That circuit doesn't give turns ratio or a rectifier and filter...
It has no current sense, so it's very likely to explode at... anything. It has no regulation, it runs fully open loop. The only reason it even starts up in the first place is because of soft start, which is very wishful thinking.
The gate driver circuit is also inconsistent, but it'll probably go slow enough you won't notice.
Given the voltages in the text, I would guess it needs a full wave rectifier, 1:4 turns ratio. A typical FBT core has probably a 13mm peg, or 132 mm^2 cross section, which will handle 0.2-0.3T being ferrite. With a maximum 16VDC input, you need 2.4 turns minimum per half of the primary winding. 3 or 4 turns would be fine.
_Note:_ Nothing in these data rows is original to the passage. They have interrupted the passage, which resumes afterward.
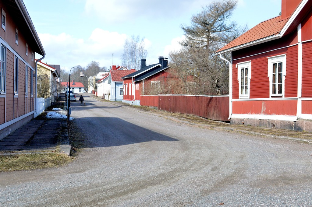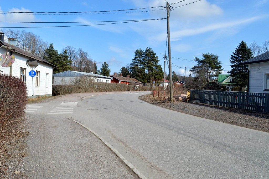 Här har miljön ändrats sedan jag var barn. Ett par hus har rivits och nya har kommit istället, men de två röda och det ena vita huset längre bort på vänstra sidan av gatan är gamla.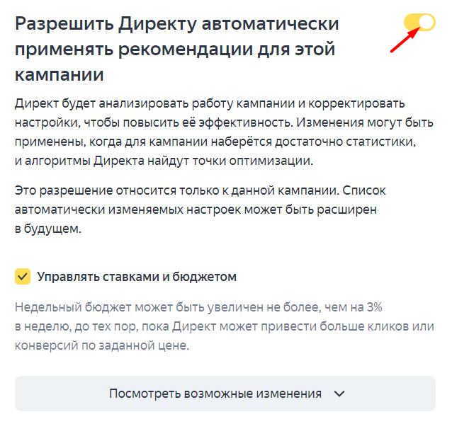 Последний шаг в настройке кампании — разрешаем Директу автоматически применять рекомендации для запущенной кампании. В этом случае система может расширять и изменять аудиторию таргетинга, географический таргетинг, пол и возраст аудитории, увеличивать недельный бюджет (не более чем на 30% от его размера), добавлять автоцели.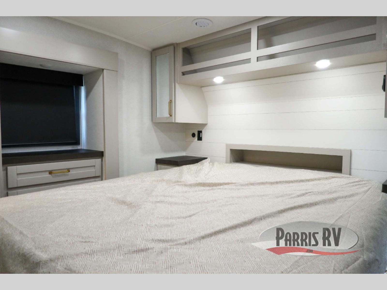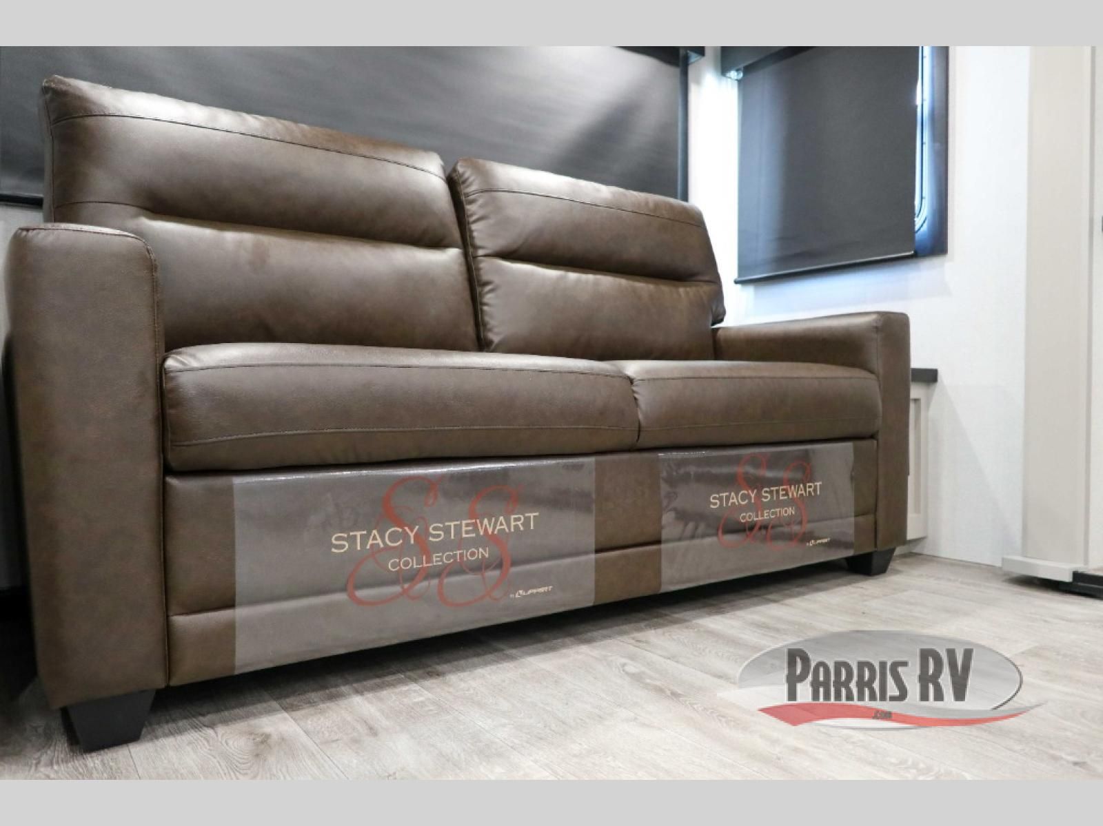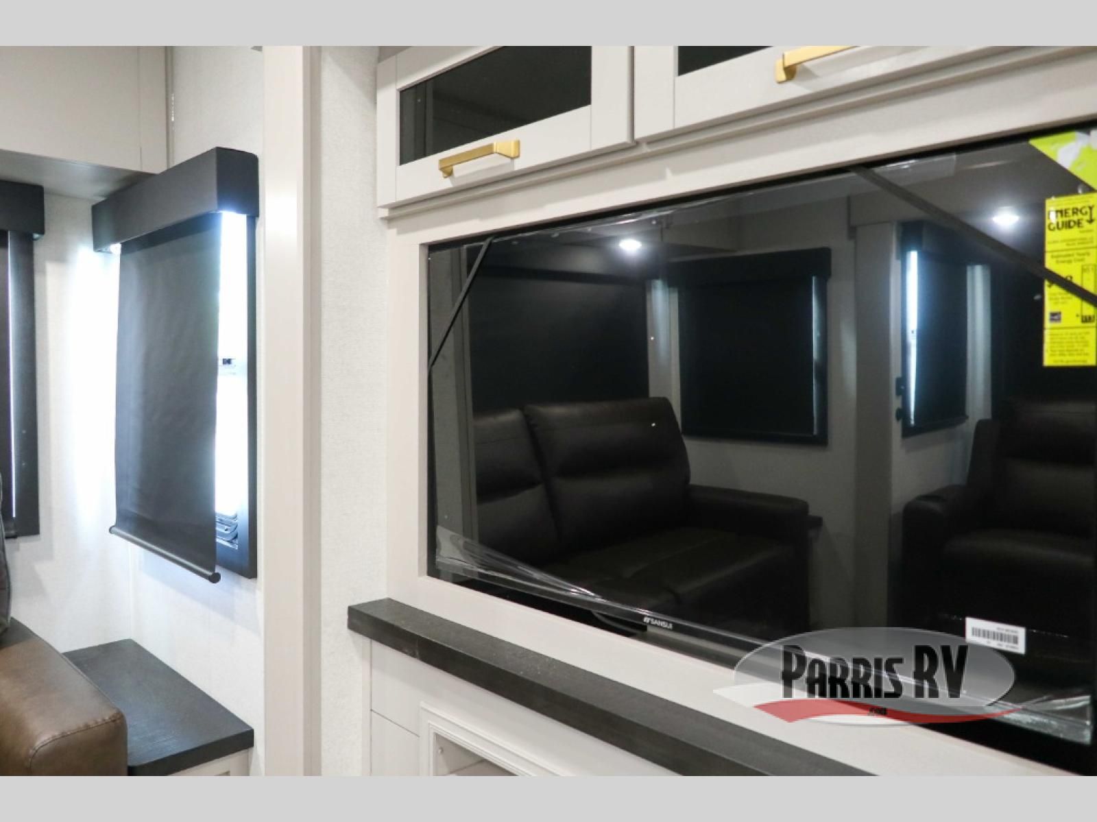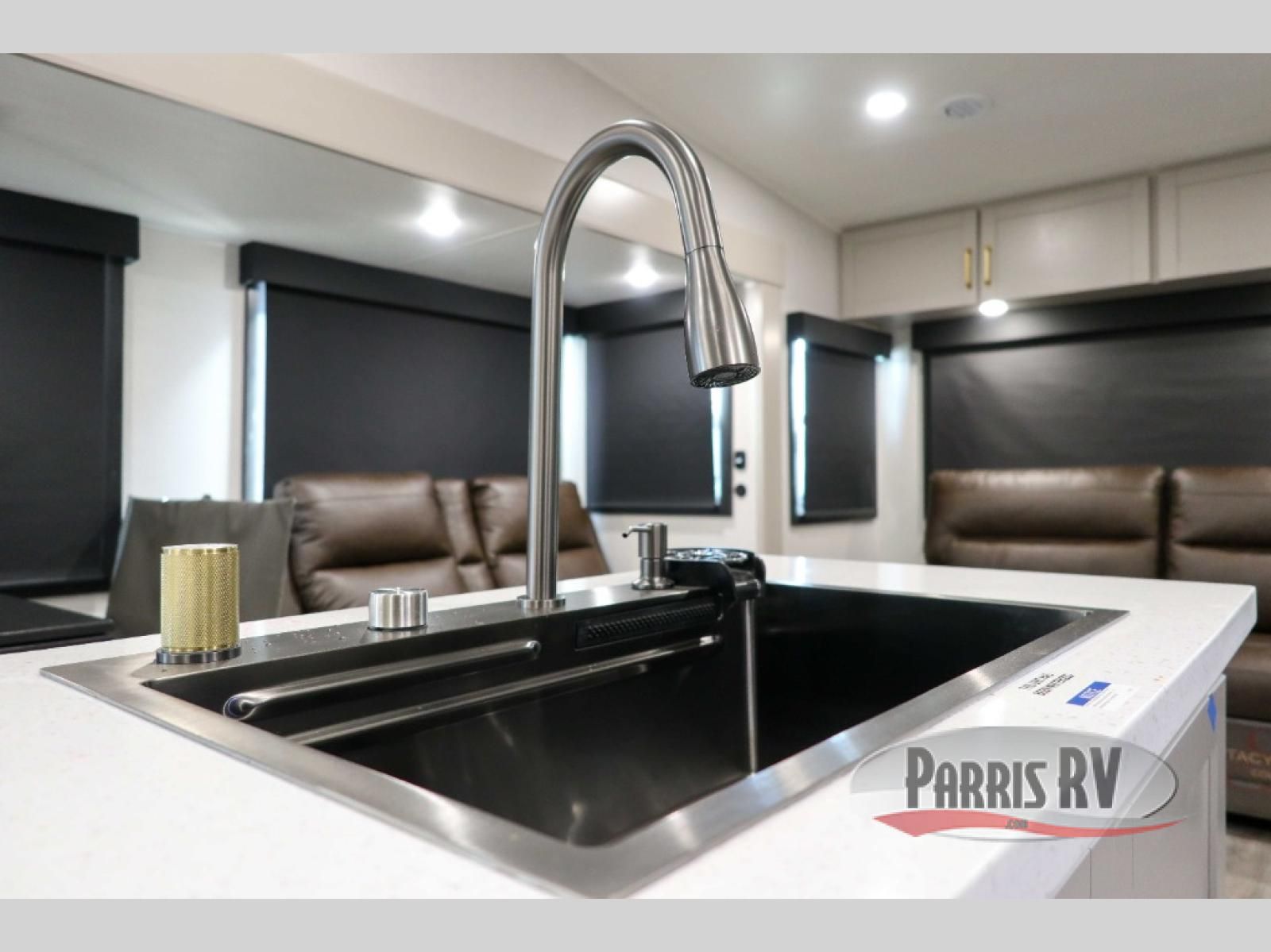 This Sundance Fifth Wheel offers a luxurious living experience on the road! The rear living area is the heart of the RV, featuring a tri-fold sofa that's perfect for relaxation and entertainment. The theater seating provides ample seating for family and friends, while the entertainment center offers endless entertainment options. The kitchen is equipped with a pantry, a kitchen island that offers additional counter space and storage, a refrigerator, a sink that's conveniently located for food preparation and cleanup, and a microwave. Plus, a table with chairs and a bench seat offers a comfortable dining space. The full bathroom is designed for comfort and convenience, providing a private space for personal care. The serene front bedroom features an Olympic bed that provides a comfortable sleeping space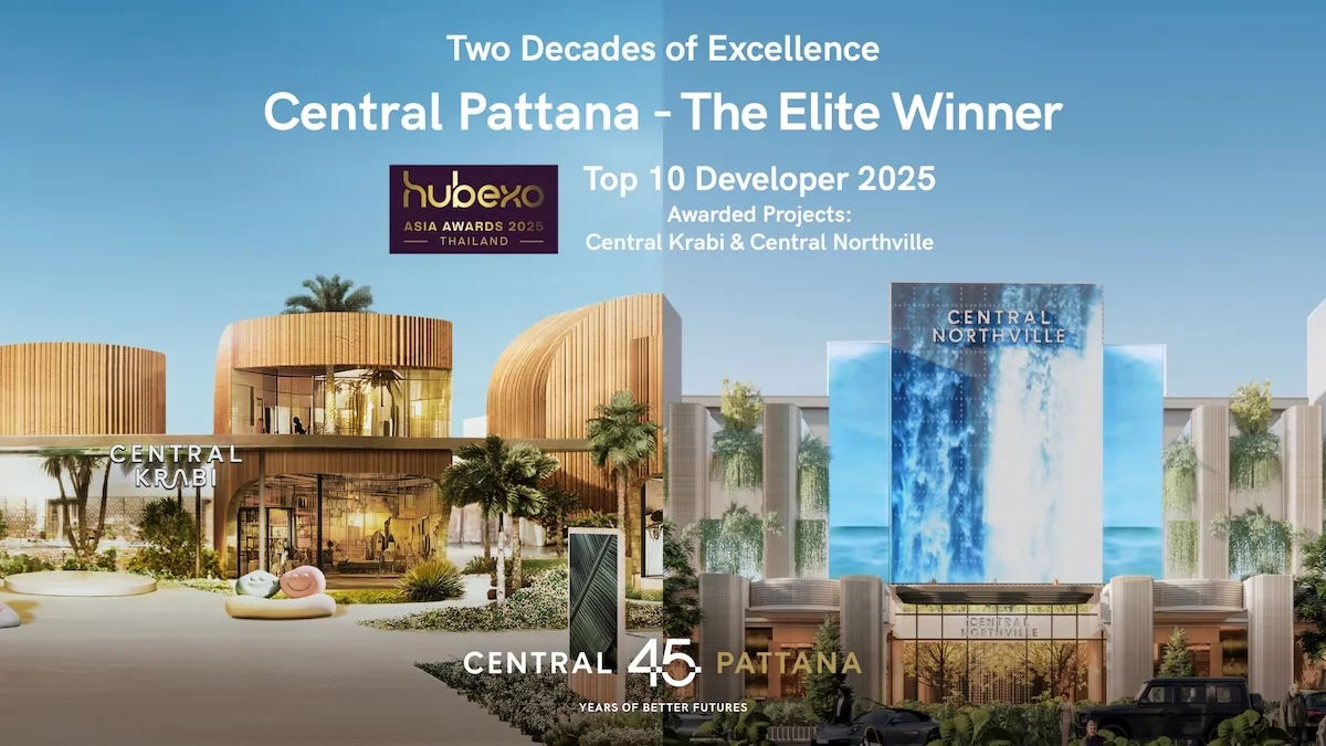 บริษัท เซ็นทรัลพัฒนา จำกัด (มหาชน) ผู้นำเบอร์หนึ่งอสังหาริมทรัพย์ไทยเพื่อความยั่งยืน ภายใต้วิสัยทัศน์ Imagining better futures for all เชื่อมโยงทุกธุรกิจทั้ง Retail-Residence-Hotel-Office ตอกย้ำความสำเร็จตลอด 45 ปี ในบทบาท Thailand No.1 Real estate developer คว้า 2 รางวัลใหญ่ระดับเอเชีย Hubexo Asia Awards 2025 เวทีอันทรงเกียรติที่ได้รับการยอมรับสูงสุดในวงการสถาปัตยกรรมและการก่อสร้างระดับภูมิภาค นำโดยรางวัลพิเศษ Elite Winner สะท้อนความเป็นเลิศขององค์กรที่พัฒนาทุกโครงการกลายเป็นแลนด์มาร์กสำคัญของเมือง พร้อมรางวัล Top 10 Developers 2025 ด้วยผลงานพัฒนา 2 โครงการมิกซ์ยูส “เซ็นทรัล กระบี่” และ “เซ็นทรัล นอร์ทวิลล์” สะท้อนความมุ่งมั่นในการพัฒนาศูนย์การค้าเป็น Heart of the City ที่เติบโตเคียงข้างผู้คนและชุมชนทั่วประเทศ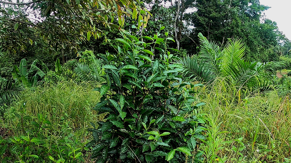 Surviving tea bushes are randomly found interspersed amongst the farm crops.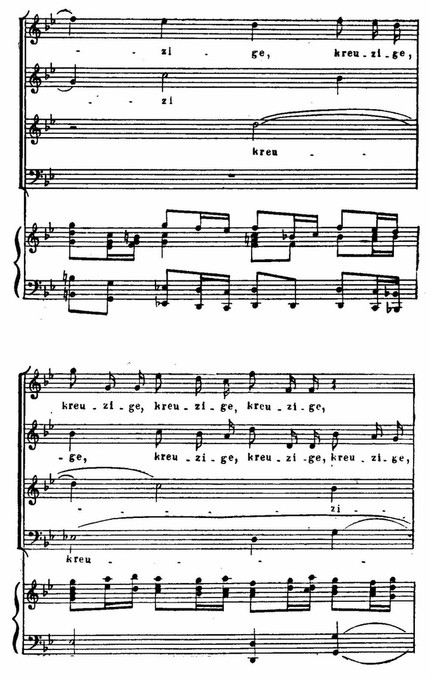 Эпизод Голгофы и крестной смерти героя решен в плане «глубинной», скромно затененной кульминации. Его окружение составляют элегические арии-плачи (Pieta), вызывающе-бравурный хор поругания, знаменитое «Порицание Голгофе» с колокольным аккомпанементом и большой внутренней силы речитатив евангелиста (тенор), в напевно-декламационной манере ведущего горестное повествование. В оркестровой звукописи запечатлена картина землетрясения. Потом наступает спад кульминации: у креста являются женщины, среди них покаявшаяся Магдалина, Иосиф Аримафейский... Чей-то бас (то ли Иосиф, то ли голос из народа) запевает вдохновенную похвалу наступающим сумеркам. Заключительная сцена Пассиона — «положение во гроб» — выдержана в том эмоциональном характере тихой и ясной скорби, какая была и осталась традицией немецкого творчества на эту тему — от Матиаса Грюневальда и до Пауля Хиндемита включительно. Завершающий композицию надгробный хор гомофонного склада — поэтическая элегия или эпитафия в c-moll на весьма непритязательные стихи. Мелодия насыщена вздыхающими интонациями, плавное скольжение параллельных терций и секст, баюкающий ритм сгущают ласковую атмосферу дремотно-светлого покоя. Кроткая и задушевно-общительная, эта песня явно обращена не к «богу-сыну», но к «человеку только — человеку, каких родит природа ежедневно». Именно здесь, к концу огромной религиозной эпопеи, все потустороннее, сверхчеловеческое окончательно преодолено и исчезает бесследно — не только в музыке, но и в последних словах либретто: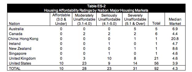 调查以一个城市的楼价中位数除以家庭全年收入中位数计算,比率愈大则负担能力愈差。楼价与家庭收入中位数比率在5.1倍及以上,便属于“严重负担不起”,此次调查发现有31个城市处于这一水平。全球房价最难负担城市排行榜的第二及第三位分别为温哥华及澳洲悉尼,楼价与家庭收入中位数比率分别为11.9倍及11倍。
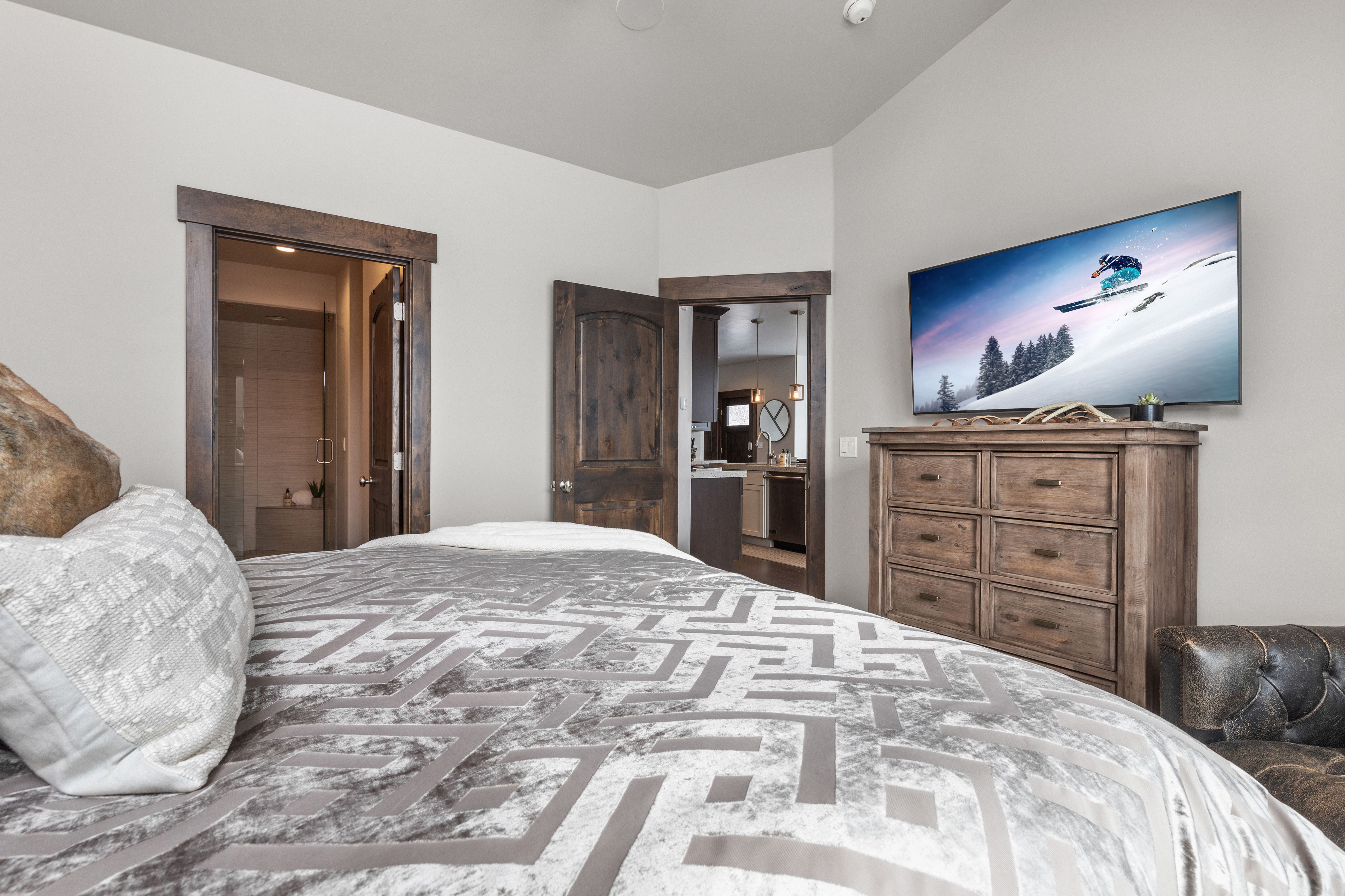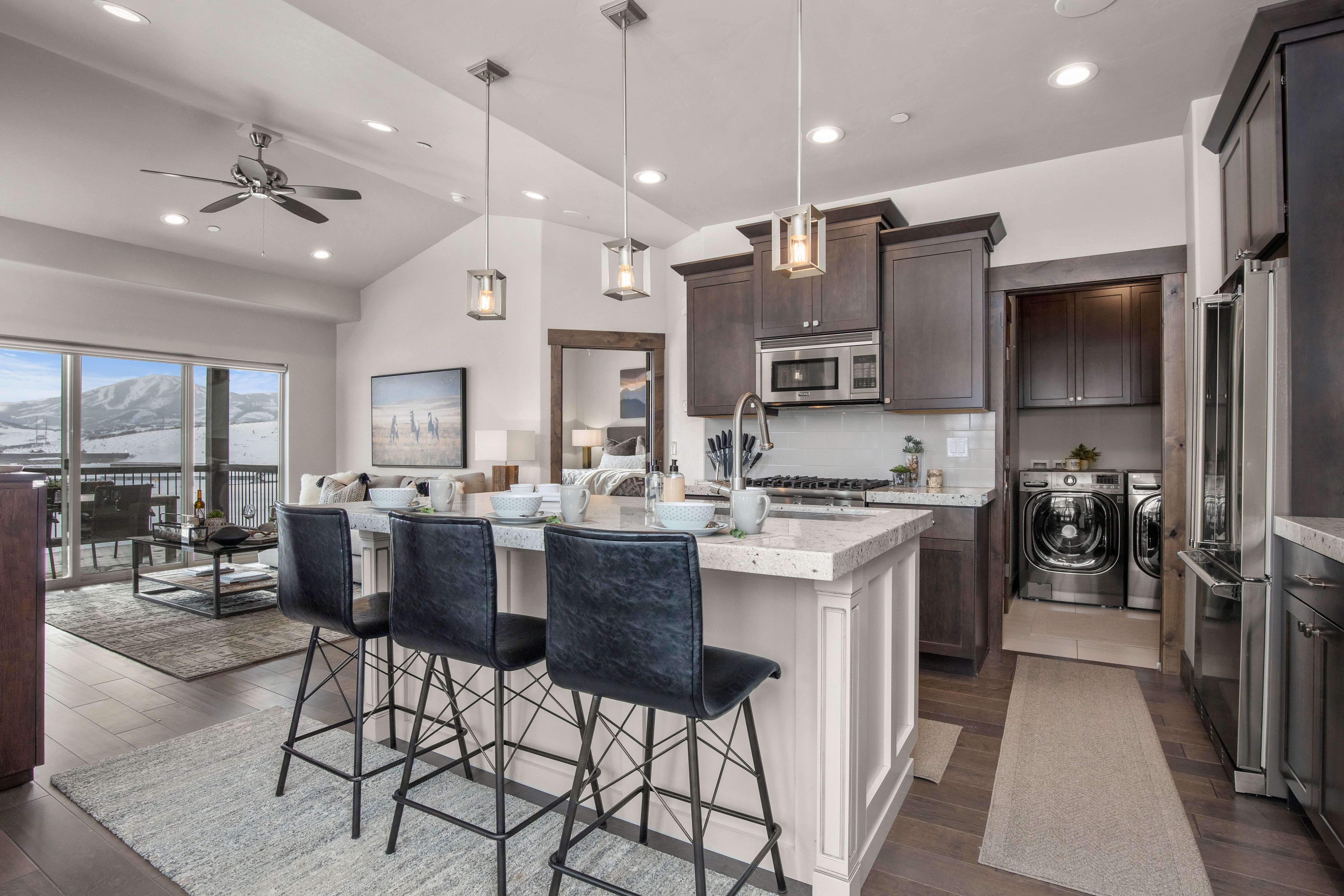 Step inside this home and you’ll be treated to beautiful mountain views. Outside, there’s a deck with a hot tub for optimum relaxation. You can get cosy by the fire in the living room and there’s a bonus family room as well as a games room with a projector for movie nights. Plus, it’s the perfect base for a mountain adventure with Main Street and the Jordanelle Reservoir just a ten-minute drive away. You’ll also be spoiled for choice when it comes to world-classing skiing, hiking and cycle trails.

So your winding should be: 4+4 turns primary, 16+16 turns secondary.
For the primary, wind one flat layer of many wires in parallel, or copper strip (wrapped with tape for insulation). It is better to use many thinner wires in parallel, than one single solid piece rated for the current.
For the secondary, use fewer pieces of wire, and wind the 16+16 turns directly on top of the primary as closely as possible.
With center taps, the primary and secondary are themselves composed of halves. These should be interleaved as layers, too.
So you should have:
4 turns primary half
16 turns secondary half
4 turns primary other half
16 turns secondary other half
and connect the halves in series, finish to start, so the wire is always going around the same direction.
The switching layout has to be extremely dense and low inductance, otherwise you'll have transistors blowing up themselves, not sharing current evenly, oscillating, etc.
You should have an oscilloscope to measure these waveforms as well.